TASK DETAILS - A picture-free, exact reproduction of the listing that follows is required.

DATA SHOWN -
- Opening Delimiter -

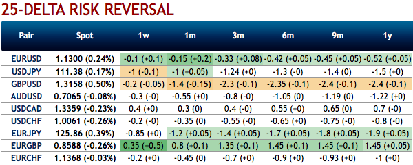 Risk reversals Substantiate Skews (EURJPY):Most importantly, to substantiate the above indications, bearish neutral risk reversal numbers of all euro crosses except EURGBP (especially EURJPY) across all tenors are also substantiating bearish risks in the long run amid minor abrupt upswings in the short-term as you could observe that there has been the minor positive shift in the risk reversal numbers. Please be noted that 3m IVs are overall OTC barometer is a noteworthy size in the forex options market that can stimulate the underlying forex spot rate.
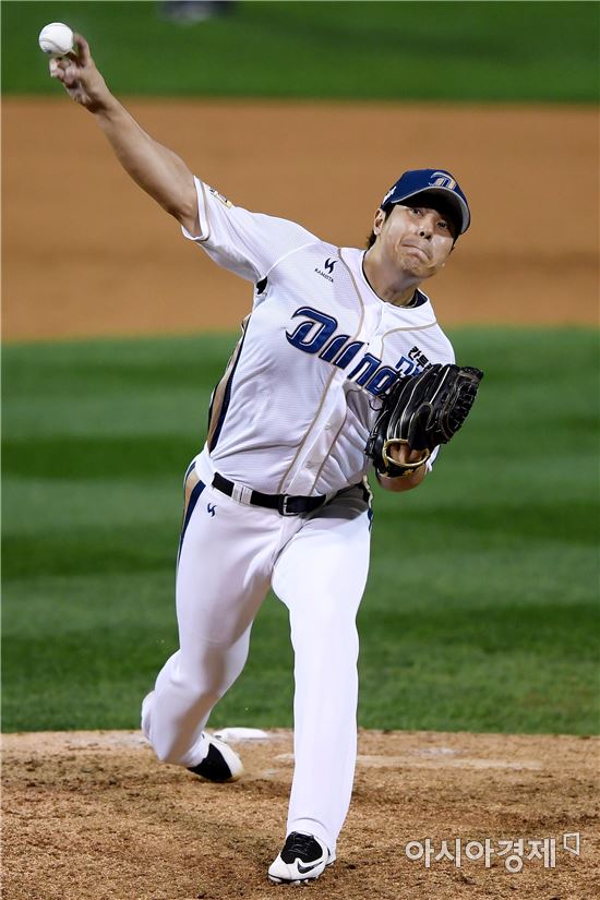 [창원=아시아경제 김현민 기자]프로야구 롯데 자이언츠와 NC 다이노스이 2017 KBO리그 준플레이오프 3차전이 11일 창원 마산야구장에서 열렸다. 5회초 NC 구원투수 김진성이 역투하고 있다.
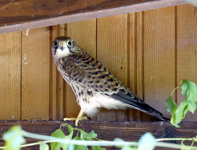 Dann ist es so weit, auch der Nachzügler darf jetzt in den Luftraum. Beim Öffnen der Klappe des Falken-Wohnzimmers flüchtet erst mal die Normalbesatzung.

- Closing Delimiter -

EXERCISE OUTPUT -
 Risk reversals Substantiate Skews (EURJPY):Most importantly, to substantiate the above indications, bearish neutral risk reversal numbers of all euro crosses except EURGBP (especially EURJPY) across all tenors are also substantiating bearish risks in the long run amid minor abrupt upswings in the short-term as you could observe that there has been the minor positive shift in the risk reversal numbers. Please be noted that 3m IVs are overall OTC barometer is a noteworthy size in the forex options market that can stimulate the underlying forex spot rate.
 [창원=아시아경제 김현민 기자]프로야구 롯데 자이언츠와 NC 다이노스이 2017 KBO리그 준플레이오프 3차전이 11일 창원 마산야구장에서 열렸다. 5회초 NC 구원투수 김진성이 역투하고 있다.
 Dann ist es so weit, auch der Nachzügler darf jetzt in den Luftraum. Beim Öffnen der Klappe des Falken-Wohnzimmers flüchtet erst mal die Normalbesatzung.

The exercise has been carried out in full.